Sebaliknya jika anggota keluarga tidak memiliki daya dan kemampuan untuk menghadapi
KDRT, secara proaktif masyarakat, para ahli, dan pemerintah perlu mengambil inisiatif untuk
ikut serta dalam penanganan korban KDRT, sehingga dapat segera menyelamatkan dan
menghindarkan anggota keluarga dari kejadian yang tidak diinginkan. Dan Agama Kristen
sebagai pedoman umat percaya memiliki peran untuk mencegah terjadinya KDRT melalui
pengajaran tentang kasih
B. Saran
Dari simpulan yang disebutkan di atas, penulis dapat memberikan beberapa saran antara
lain:
1. Dalam sebuah rumah tangga kedua belah pihak harus sama-sama menjaga agar tidak terjadi
konflik yang bisa menimbulkan kekerasan.
2. Sebelum kita melihat kesalahan orang lain, marilah kita berkaca pada diri kita sendiri.

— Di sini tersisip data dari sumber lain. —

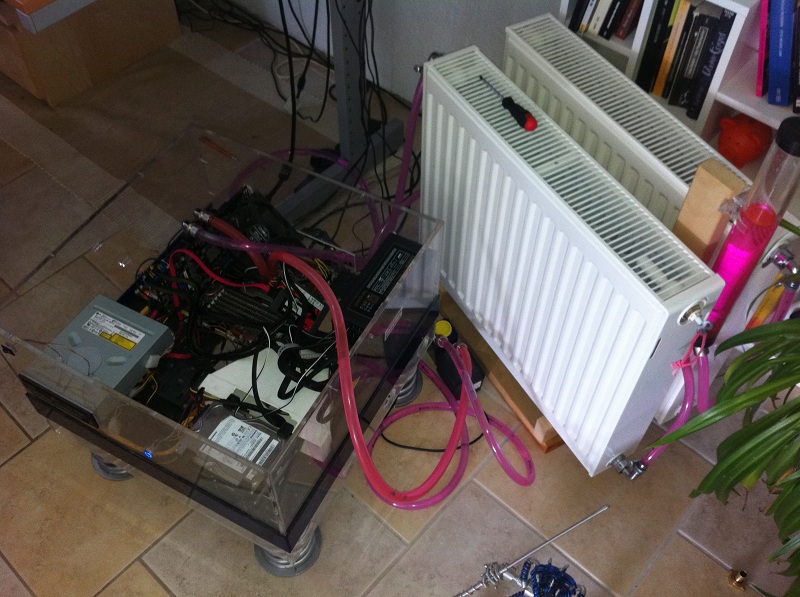 Ich benutze Frostschutz aus dem KFZ bereich, benutze ich schon seit Jahren in meinem System, kein Rost im Wasser - perfekt. Hoher Frostschutz ist damit kein Problem udn wenn ich bei der Idee des Zweikreissystems belibe, dann kann sogar was kapitt gehen ohne, dass mein inner Wasserkreis und somit mein PC in mitleidenschaft gezogen wird. Der Platz für den Heizkörper aussen ist schattig und überdacht und wenn der Heizkörper irgendwann rostet, dann soll er, bis der durchgerostet ist, habe ich schon wieder ander Ideen und bastle sicher schon am nächten Projekt, ausserdem kostet so ein Heizkörper €30,--.

3. Maka antara suami dan istri harus memiliki keimanan yang kuat dan akhlaq yang baik, adanya
komunikasi yang baik antara suami dan istri, serta memiliki rasa saling percaya, pengertian, dan
saling menghargai.
4. pemerintah dan masyarakat lebih berupaya menyadarkan dan membuka mata serta hati untuk
tidak berdiam diri bila ada kasus KDRT lebih ditingkatkan pengawasannya.